Gregorio Borgia/Associated Press

Updated: May 29, 2012

Cardinal Joseph Ratzinger was elected the Roman Catholic Church’s 265th pope on April 19, 2005, after the death of the popular and long-serving Pope John Paul II. Cardinal Ratzinger took the name Benedict XVI.

Before his elevation, Benedict had led the Congregation for the Doctrine of the Faith, a key Vatican office, in which he was seen as a tough enforcer of John Paul’s conservative views.

Many Vatican experts predicted that Benedict, a German-born, bookish scholar with a strong theological bent, would not inspire the same sort of public adoration as his predecessor. But few could have predicted that his papacy would be characterized by a series of scandals and controversies that have alienated so many people, including Catholics.

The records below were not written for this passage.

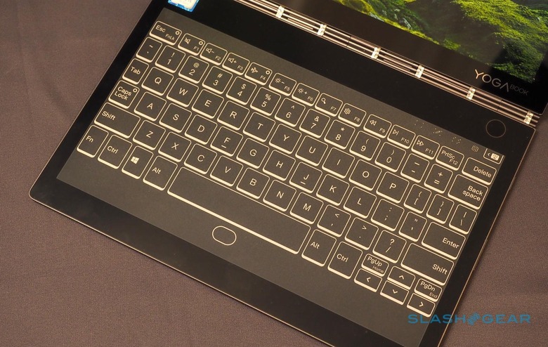 So, normally the trackpad is hidden, maximizing space for the QWERTY layout and spacebar. Tap the virtual trackpad nub, however, and a trackpad enlarges. It means that both the keys and the trackpad can be larger than either on the previous Yoga Book, which couldn't dynamically adjust its keyboard layout.
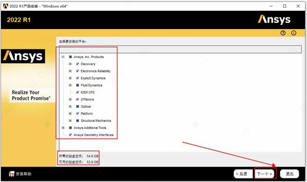 2、点击Disk1目录中的setup安装ANSYS Products 2022,点击安装ANSYS产品;
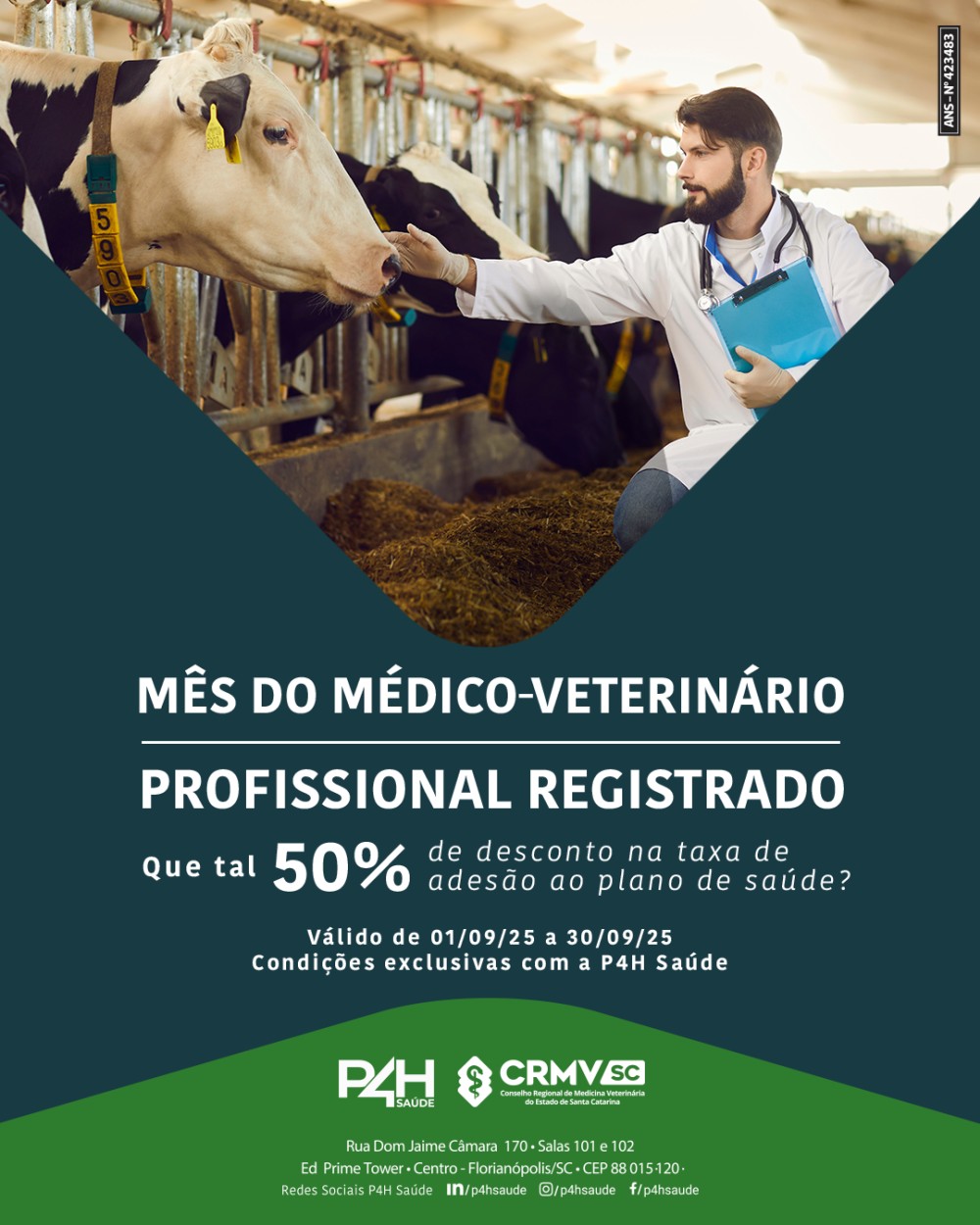 A iniciativa é resultado da parceria entre o CRMV-SC e a P4H, administradora do convênio, que possibilita aos profissionais da Medicina Veterinária, da Zootecnia e seus dependentes, acesso facilitado a uma ampla rede de serviços em saúde, garantindo mais qualidade de vida e segurança para si e suas famílias.

The church’s long-running sexual abuse scandal flared up with new rounds of accusations, and has threatened to define Benedict’s papacy. He has faced accusations that he and direct subordinates often did not alert civilian authorities or discipline priests involved in sexual abuse when he served as archbishop in Germany and as the Vatican’s chief doctrinal enforcer.

In 2006, Benedict enraged many Muslims, when he quoted a Byzantine emperor who called Islam “evil and inhuman,’' and in 2009 he sparked outrage across Europe when he revoked the excommunication of schismatic bishops who had denied central elements of the Holocaust.

Benedict’s visit to Germany in September 2011 encapsulated much of the turmoil that has defined his papacy. Instead of a pleasant visit to his native land, the trip became a journey to the front lines in the battle over the future of the church. The pope addressed members of Germany’s parliament while thousands of demonstrators aired a wide array of criticisms of the church and Benedict on subjects that included the role of women in the church, gay rights and sexual abuse by priests.

Of all European countries, Ireland has undergone perhaps the most profound transformation in its relationship to the church, an institution that permeated almost every aspect of life there for generations. In 2011, Irish prime minister Enda Kenny unexpectedly took the floor in Parliament to express his outrage over the revelations in the Cloyne Report, which detailed abuse and cover-ups by church officials in Ireland through 2009. The Vatican withdrew its ambassador from Dublin, and the Irish government announced that it would introduce a package of legislation to protect children.

One More Crisis: A Scandal Involving the Pope’s Butler

In May 2012, a scandal called VatiLeaks burst into the open when Paolo Gabriele, 46, the pope’s butler, was arrested on suspicion of leaking secret documents, some of which were addressed to the pope. Some of the documents that Mr. Gabriele is suspected of leaking claim cronyism and corruption in Vatican contracts.